Hi, I used the latest repo for submissions but always got failed evaluation. I notice that despite me not using pytorch for training, I have to include pytorch as a dependency to make it past the image building stage. aicrowd_helper.submit()
is indeed included in the original tensorflow code, but the evaluation fails regardless in my case. What else should I do to have a successful submission? I’m sorry if this appears to be a dumb question…

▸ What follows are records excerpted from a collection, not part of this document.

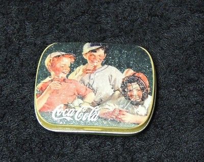 Title (ebay affiliate link): Small Coca Cola Coke Tin Box -Kids Playing Baseball-- Pill Box, Mint Box**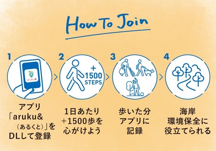 | 参加方法 | ①スマートフォンアプリ「aruku&(あるくと)」をダウンロードし、キャンペーン参加登録を行う。 ②1日「8,500歩」達成を目標にウォーキングを行う。 ★ごみ拾いをしながらのウォーキングには「ごみ拾いポイント」を進呈! ③参加者全員での期間内総歩数「1億歩」達成を目指そう! |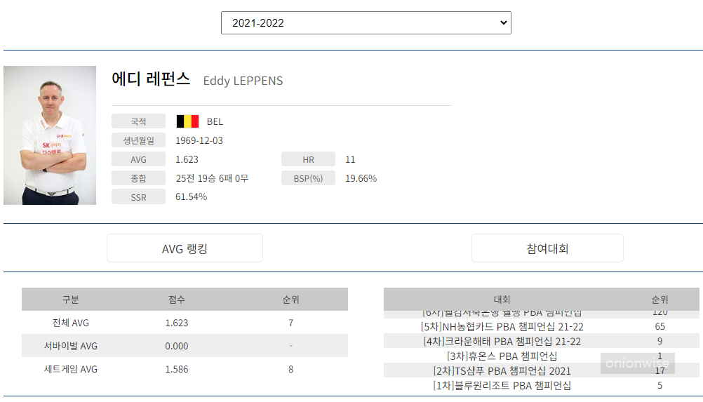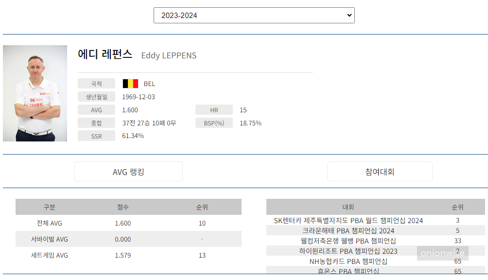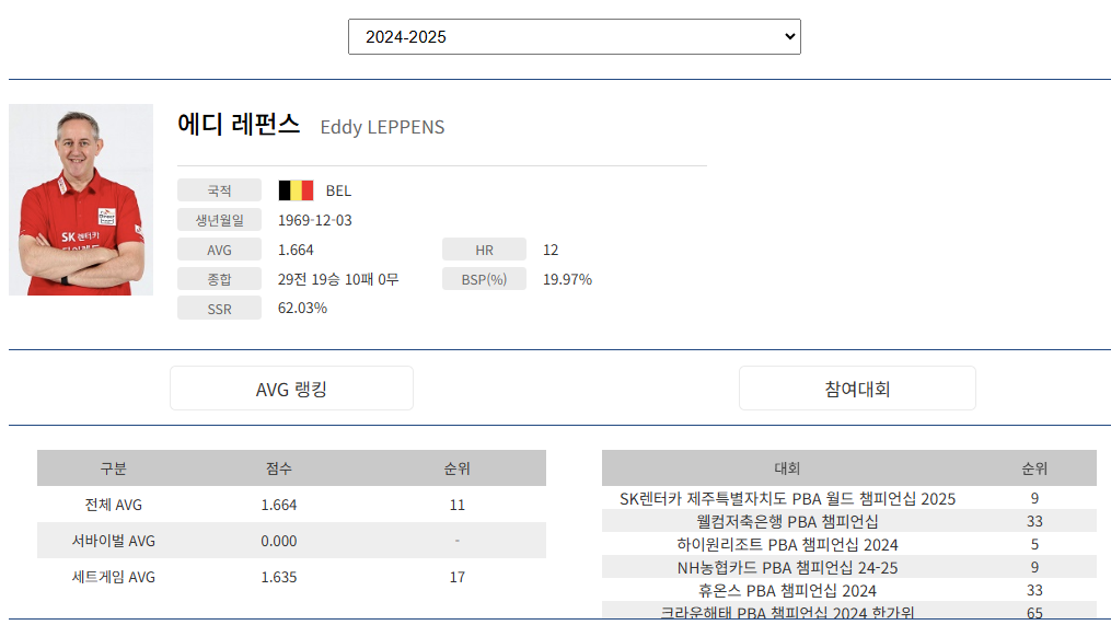 이 페이지는 PBA 프로당구협회가 주관/주최하는 남자 프로당구대회, PBA 투어에 출전하고 있는 에디 레펜스의 PBA투어 3쿠션 에버리지, 하이런, 상금 랭킹, 선수 순위, 쓰리쿠션 뱅크샷 득점비율 BSP(%), 종합전적, 우승횟수 등 당구 지표를 총정리하는 에디 레펜스 당구선수 데이터베이스입니다.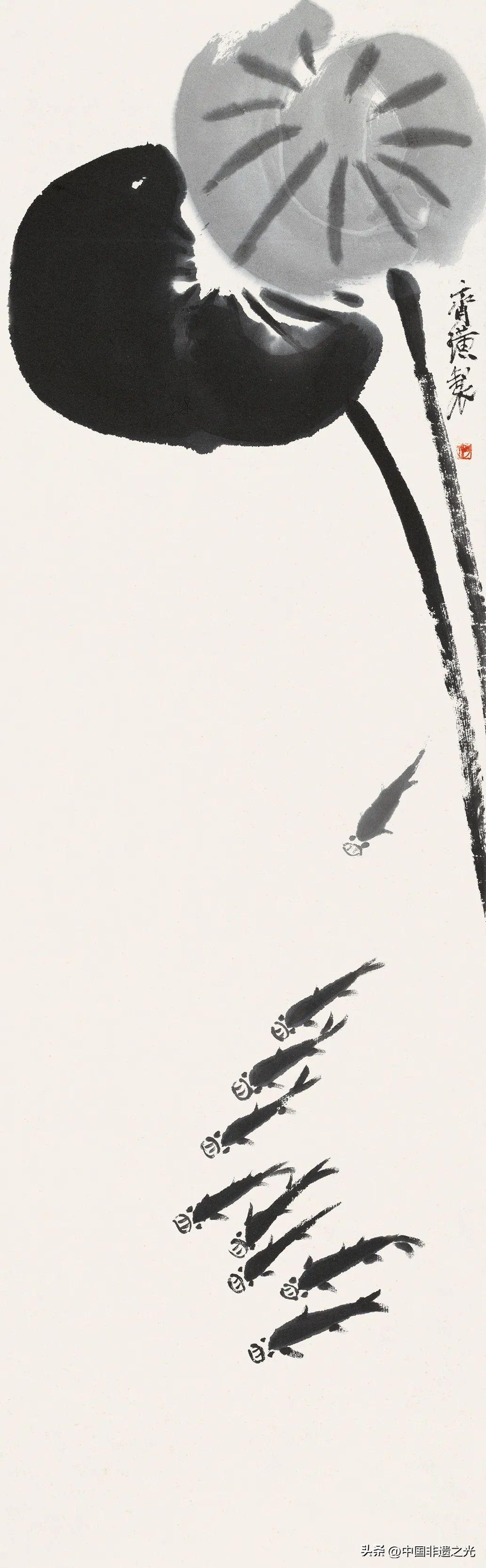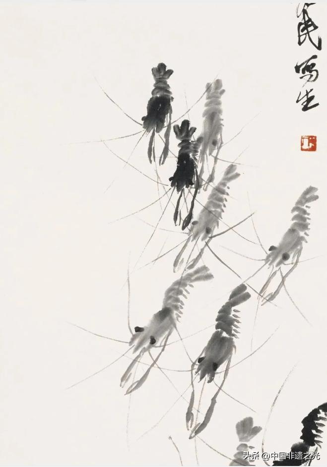 “衰年變法”後,齊白石提出“妙在似與不似間”的藝術理論,既不主張太過具象,也不贊成妄意而爲,而是聚焦於將繪畫對象的主要特徵以誇張的手法表現,通過放縱的筆墨和對比強烈的構圖,將寫意畫推向了極致,營造一方形神畢現、意趣盎然的畫中天地。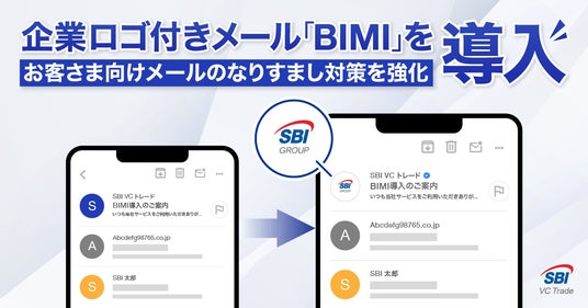 SBIホールディングス株式会社(本社:東京都港区、代表取締役会長兼社長:北尾 吉孝)の連結子会社で暗号資産交換業を営むSBI VCトレード株式会社(本社:東京都港区、代表取締役社長:近藤 智彦、以下「当社」)は、2026年3月30日(月)より、当社からお客さま宛に配信するメール上に、当社の企業ロゴを表示させる認証技術「BIMI」※を導入しました。当社は、本技術の導入により、お客さまが当社配信のメールと当社になりすましたメールを、当社ロゴの有無で判別できるようにすることで、フィッシング詐欺被害に遭うお客さまの数を1人でも減らすことを目指します。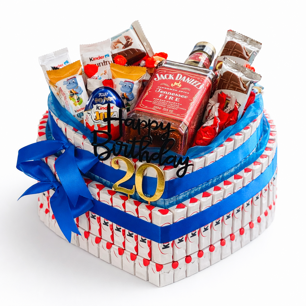 cca 90 ks Kinder čokolád po obvode, 1x Jack Daniels 0,7 l / alebo fľaša podľa výberu, 1 x Kinder Surprise vajíčko , 1x Kinder Delice, 2x Kinder Bueno , 2x Kinder Country, 2x Kinder Happy Hippo, 2x Kinder Cards, mix Kinder Bueno Mini a Choco Bons, zdobenie

Thank you for your response. I’ve had many failed submissions. https://gitlab.aicrowd.com/siyuzhou/neurips2019-disentanglement-challenge/issues/5 is the one I was referring to. I use TensorFlow. I got a successful submission later https://gitlab.aicrowd.com/siyuzhou/neurips2019-disentanglement-challenge/issues/8. The only change I made was to invoke local_evaluation.py
in run.sh
. What’s causing the failure?
@siyuzhou: I pasted the whole error on the relevant issue, but the line of interest seems to be :
2019-07-15T18:30:44.306963517Z AttributeError: 'GFile' object has no attribute 'seekable'
And you should not be adding local_evaluation.py
in run.sh
that would probably only cause conflicts. If you add the aicrowd_helpers.submit()

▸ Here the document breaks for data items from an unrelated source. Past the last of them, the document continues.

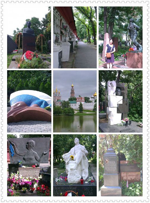 在莫斯科南郊,有一座美丽的女修道院,名叫新圣女修道院。它座落在河边,粼粼水波上倒映着丛丛绿树和红墙金顶的教堂、钟楼,犹如世外桃园。这里的女修士们大都来自皇室家族的女贵族,其中彼得大帝的姐姐索菲娅也曾经是这里的女修士,她是因为涉嫌叛乱,被囚禁在这里的一个单独小屋。我们一行人赶往这里,主要不是为了参观新圣女修道院,而是前往它旁边的新圣女公墓。自1923年起,新圣女公墓成为名人公墓,它之所以闻名遐尔,是因为有许多俄罗斯名人长眠于此,与其它公墓不同,它需要买门票才能入内。步入公墓,有几条平行的道路,道路两侧古木参天,道路与道路之间便是公墓。这是一座高档次公墓,在每一座墓前都竖立着墓主的雕像,或全身或半身或头像,形态各异,几乎每一个墓碑都是一个雕塑艺术品。赫鲁晓夫墓与众不同,由黑白两色大理石搭叠而成,中间是石雕头像,据说这象征着他一生功过各半;我们还特地找到卓娅墓,女英雄卓娅双手被紧缚在背后,衣衫破碎,挺着裸露的胸膛,头高高的向后昂起,感人至深;王明的墓也在这里,一尊半身雕像,身穿中山装,两眼直视前方;在一个显著位置还看到了叶利钦墓碑。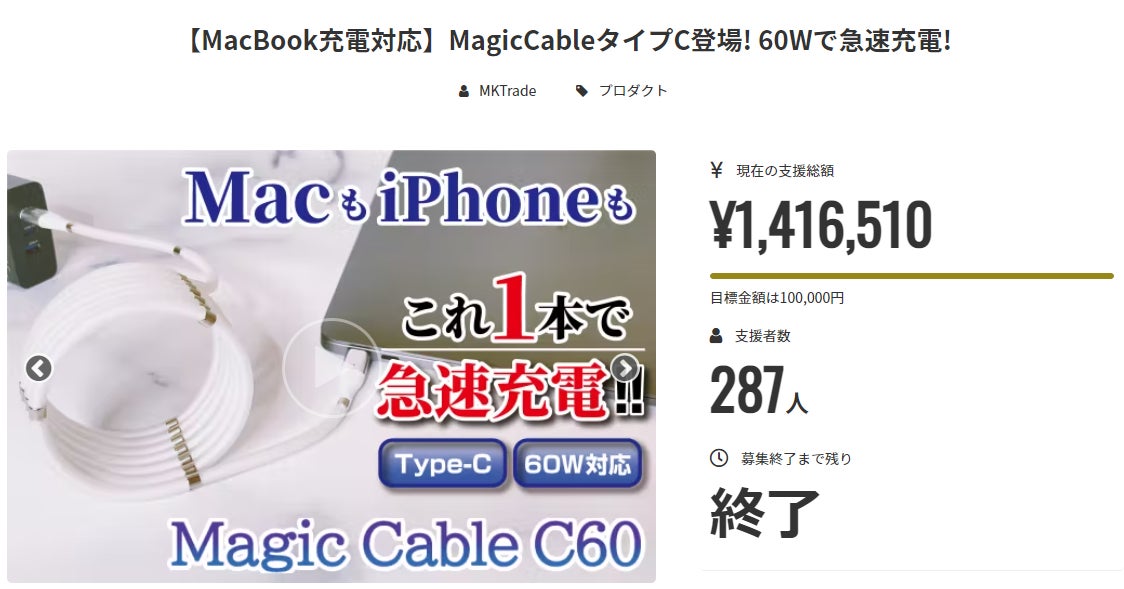 お世話になっております。MKトレードです。おかげさまで、無事に「【MacBook充電対応】MagicCableタイプC登場! 60Wで急速充電!」プロジェクトが公開終了となりました!「287名様」と、たくさんの方からご支援いただき、『Magic Cable C60』スタッフ一同、心より御礼申し上げます。『Magic Cable C60』は1本あればパソコン・スマホと両方の充電可能な商品ですので、皆様の生活の中でお役に立てていただけることを願っております。お届けまではしばらくお待たせいたしますが、しっかりと準備を進めさせていただきます!進捗等は「活動報告」としてご案内いたします。改めまして、この度はご支援いただきまして、誠にありがとうございます。引き続き、どうぞよろしくお願いいたします。 『Magic Cable C60』プロジェクトスタッフ一同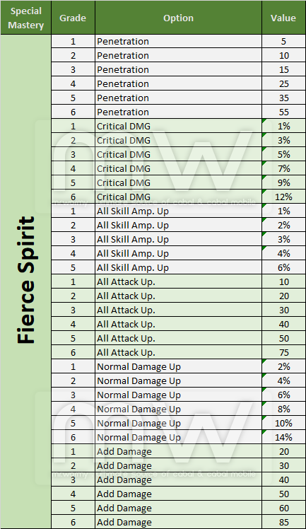 - Updated on Oct 26th 2020: Values of Fierce Spirit Special Mastery for All Skill Amp.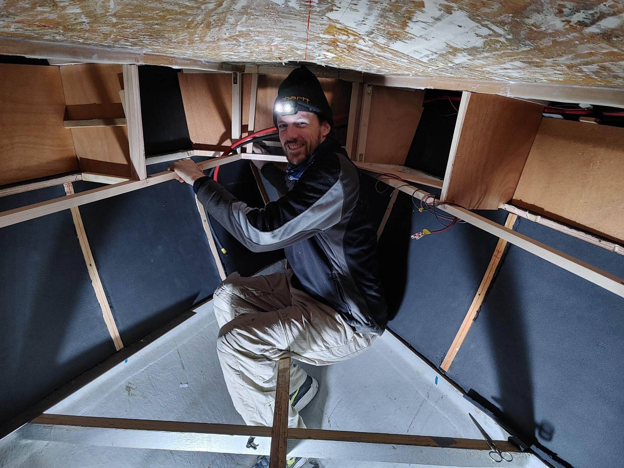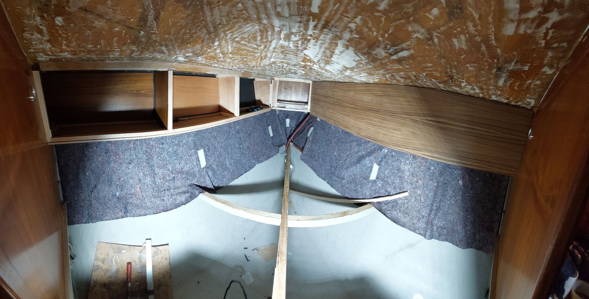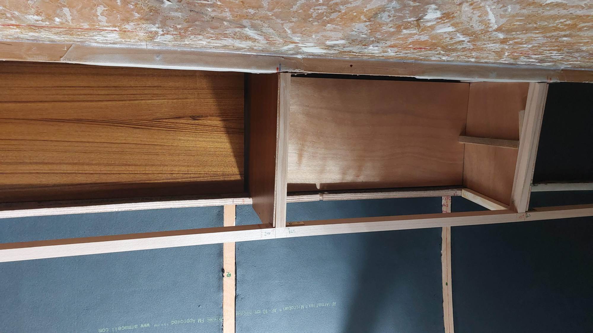 Es folgt Armaflex unten und die Verkleidung der Wände.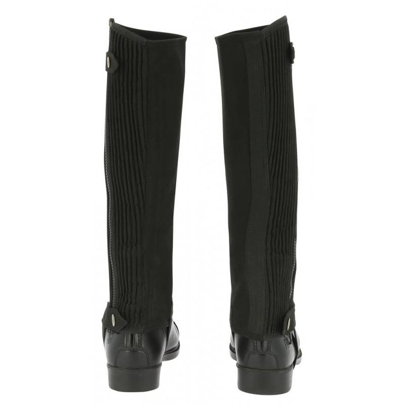 Cou-de-pied et arrière du mollet élastiqués en accordéon et recouvert d’Amara. Fermeture à glissière sécurisée par un bouton pression en haut et en bas. Passage de pied élastique renforcé Amara.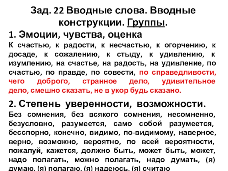 Слайд 3Зад. 22 Вводные слова. Вводные конструкции. Группы.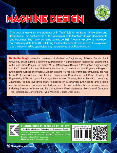 This book is useful for the students of B. Tech/ B.E. for all Indian Universities and Institutions. This book covers all the topics related to Machine Design components and Machines. The matter contains data as per BIS. A lot many problems have been solved taking data from BIS. utilizing the the latest standards and codes, it is expected that the book shall be appreciated by the students as well as teachers.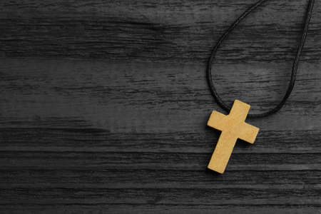 Christian cross on black wooden table, top view. Space for text

call, that should trigger the actual evaluation code at our end.
The key idea being, if we trust the local_evaluation.py
included, then anyone could very simply modify it to register arbitrary scores. Hence we have the actual evaluation score running in a separate container which computes the score after the training has been done, and the mean representation has been dumped.
Thank you. I am using the starter kit which has the aicrowd_helpers.submit()
included in the end of train_tensorflow.py
. I added local_evaluation.py
as a hack, in the hope that it would fix inconsistency in environment variables which I suspected was the cause.
The error message you pasted makes very little sense to me… But I’ll try look into it.
@siyuzhou: The error seems to be tied to the tensorflow version.
I found something https://github.com/tensorflow/datasets/issues/127
The starter kit uses tensorflow-gpu==1.13.1
, can you confirm you are using the same ?
Yes, I installed the dependencies from the requirement.txt
file in the starter kit. The environment.yml
exported is here https://gitlab.aicrowd.com/siyuzhou/neurips2019-disentanglement-challenge/blob/master/environment.yml. tensorflow-gpu==1.13.1
and is the one from pip
not conda
.
@siyuzhou: Weird !! Can you build your code locally and run the built image by following the instructions here : https://github.com/AIcrowd/neurips2019_disentanglement_challenge_starter_kit/blob/master/FAQ.md
It might be much faster to debug that way.
I built the image following the instructions and ran into no problem. The execution was able to submit.
All my recent submissions get this error after the successful one: “Unable to listen to messages intended for the Oracle. Please contact administrators”. I wasn’t even able to reproduce the successful submission with the same settings. For example, https://gitlab.aicrowd.com/siyuzhou/neurips2019-disentanglement-challenge/issues/12, along with 3 other submissions in a row. I disabled local evaluation in the latest failed submission. What’s going on…
@siyuzhou: Sorry for the inconvenience. We just pushed a fix for a bug which was potentially the reason for these errors. Also requeued your submission.